La bataille du ciel des aviateurs alliés
Dans un ouvrage publié en 1994, Des rails vitaux, suivi d'un deuxième tome en 2004, Bernard Staels (*) a décrit avec précision la stratégie de bombardement des Alliés jusqu'à la réalisation d'un raid aérien, avec le cas de Vierzon. L'objectif était de créer un désert ferroviaire autour de Caen, où se jouait une bataille décisive, après le débarquement de Normandie, avec soixante-quinze raids aériens dont celui de Vierzon. Située au carrefour de voies ferroviaires, la ville a été bombardée le 1 er juillet 1944.

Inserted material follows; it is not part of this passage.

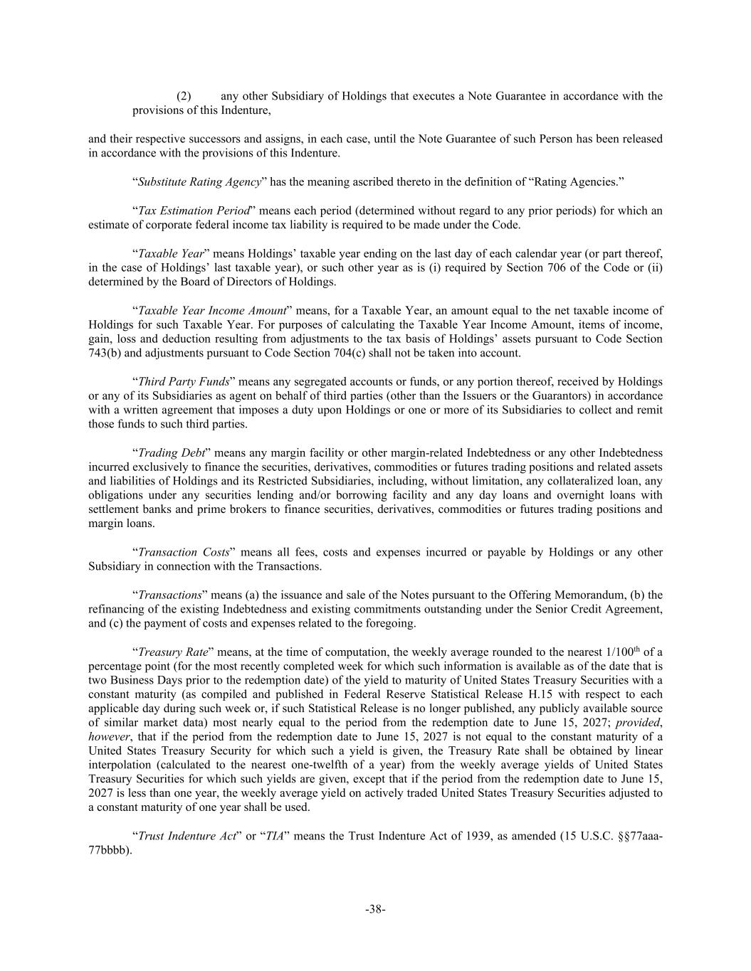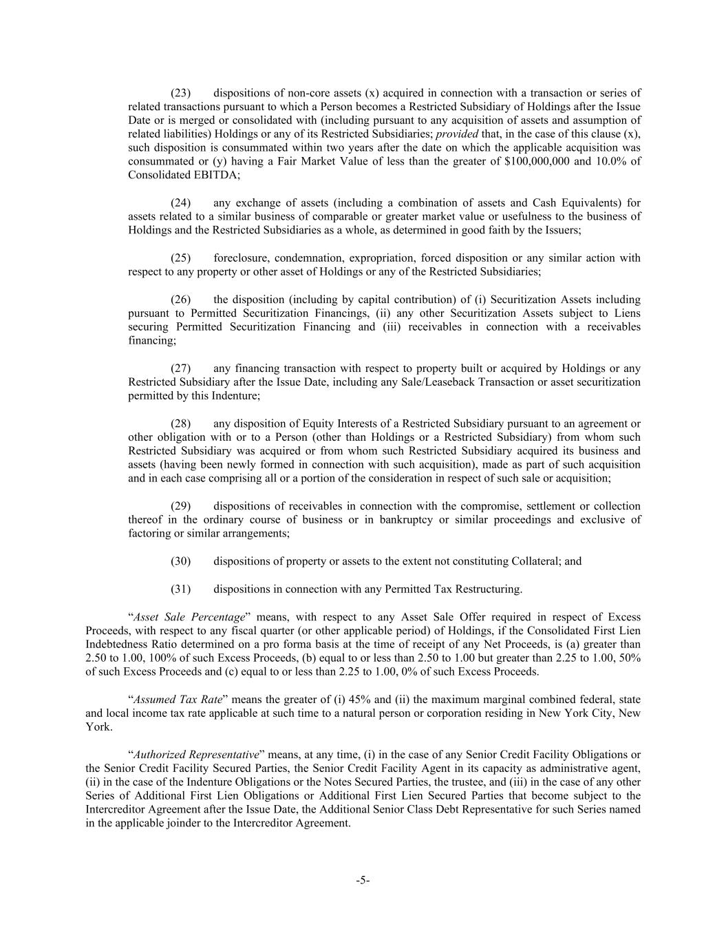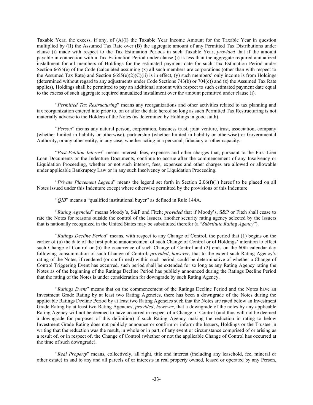 51 maturity date of, and has a Weighted Average Life to Maturity equal to or greater than the Weighted Average Life to Maturity of, the Indebtedness being modified, refinanced, refunded, renewed or extended, (c) other than with respect to a Permitted Refinancing in respect of Indebtedness permitted pursuant to Sections 6.01(a)(ii), 6.01(a)(v) and 6.01(a)(vii), immediately after giving effect thereto, no Event of Default shall have occurred and be continuing, (d) if the Indebtedness being modified, refinanced, refunded, renewed or extended is subordinated in right of payment or lien priority to the Loan Document Obligations, Indebtedness resulting from such Refinancing is subordinated in right of payment or lien priority, as applicable, to the Loan Document Obligations on terms in the aggregate at least as favorable to the Lenders as those contained in the documentation governing the Indebtedness being Refinanced and (e) if the Indebtedness being Refinanced is Indebtedness permitted pursuant to Sections 6.01(a)(ii), 6.01(a)(vii), 6.01(a)(xx) or 6.01(a)(xxi) or is otherwise a Junior Financing, (i) the terms and conditions (including, if applicable, as to collateral but excluding as to subordination, interest rate (including whether such interest is payable in cash or in kind) and redemption premium) of Indebtedness resulting from such Refinancing are not, taken as a whole, materially less favorable to the Loan Parties or the Lenders than the terms and conditions of the Indebtedness being Refinanced as determined by the Borrower in good faith, (ii) the primary obligor in respect of, and the Persons (if any) that Guarantee, Indebtedness resulting from such Refinancing are the primary obligor in respect of, and Persons (if any) that Guaranteed, respectively, the Indebtedness being Refinanced and (iii) if secured, such Indebtedness resulting from such Refinancing shall not be secured by assets that did not secure the Indebtedness being Refinanced (other than assets that would have secured such Indebtedness pursuant to after acquired property clauses). For the avoidance of doubt, it is understood that a Permitted Refinancing may constitute a portion of an issuance of Indebtedness in excess of the amount of such Permitted Refinancing; provided that such excess amount is otherwise permitted to be incurred under Section 6.01. “Permitted Securitization Financing” shall mean one or more transactions pursuant to which (i) Securitization Assets or interests therein are sold or transferred to or financed by one or more Special Purpose Securitization Subsidiaries, and (ii) such Special Purpose Securitization Subsidiaries finance (or refinance) their acquisition of such Securitization Assets or interests therein, or the financing thereof, by selling or borrowing against Securitization Assets and any Swap Agreements entered into in connection with such Securitization Assets; provided, that recourse to Holdings or any Subsidiary (other than the Special Purpose Securitization Subsidiaries) in connection with such transactions shall be limited to the extent customary (as determined by the Borrower in good faith) for similar transactions in the applicable jurisdictions (including, to the extent applicable, in a manner consistent with the delivery of a “true sale”/“absolute transfer” opinion with respect to any transfer by the Borrower or any Subsidiary (other than a Special Purpose Securitization Subsidiary)). “Permitted Tax Distributions” means, collectively distributions to the members of Holdings in cash in an amount up to (i) in the case of payments in respect of a Tax Estimation Period, the excess of (A)(I) the Company Income Amount for the Tax Estimation Period in question and for all preceding Tax Estimation Periods, if any, within the Taxable Year containing such Tax Estimation Period multiplied by (II) the Assumed Tax Rate over (B) the aggregate amount of any distributions made with respect to any previous Tax Estimation Period falling in the Taxable Year containing the applicable Tax Estimation Period referred to in (A)(I), and (ii) after the end of a Taxable Year, the excess, if any, of (A)(I) the Taxable Year Income Amount for the Taxable Year in question multiplied by (II) the Assumed Tax Rate over (B) the aggregate amount of any Permitted Tax Distributions under clause (i) made with respect to the Tax Estimation Periods in such Taxable Year; provided that if the amount payable in connection with a Tax Estimation Period under clause (i) is less than the aggregate required annualized installment for all members of Holdings for the estimated payment date for such Tax Estimation Period under Section 6655(e) of the Code (calculated assuming (x) all such members are corporations (other than with respect to the Assumed Tax Rate) and Section 6655(e)(2)(C)(ii) is in effect, (y) such members’ only income is from Holdings (determined without regard to any adjustments under Code Sections 743(b) or 704(c)) and (z) the Assumed

836 hommes de Grande-Bretagne, Australie, Canada et Pologne, sont partis au combat de nuitAprès avoir évoqué (lire notre édition du 1 er juillet) les conséquences de ce raid sur les infrastructures ferroviaires et dans la ville, où avaient été recensés plus de 1.000 points d'impact de bombes, ce second volet raconte la bataille du ciel, grâce aux nouvelles recherches (mémoire de témoins, archives) réalisées par Bernard Staels, invité en juin dernier à une conférence du Cercle historique.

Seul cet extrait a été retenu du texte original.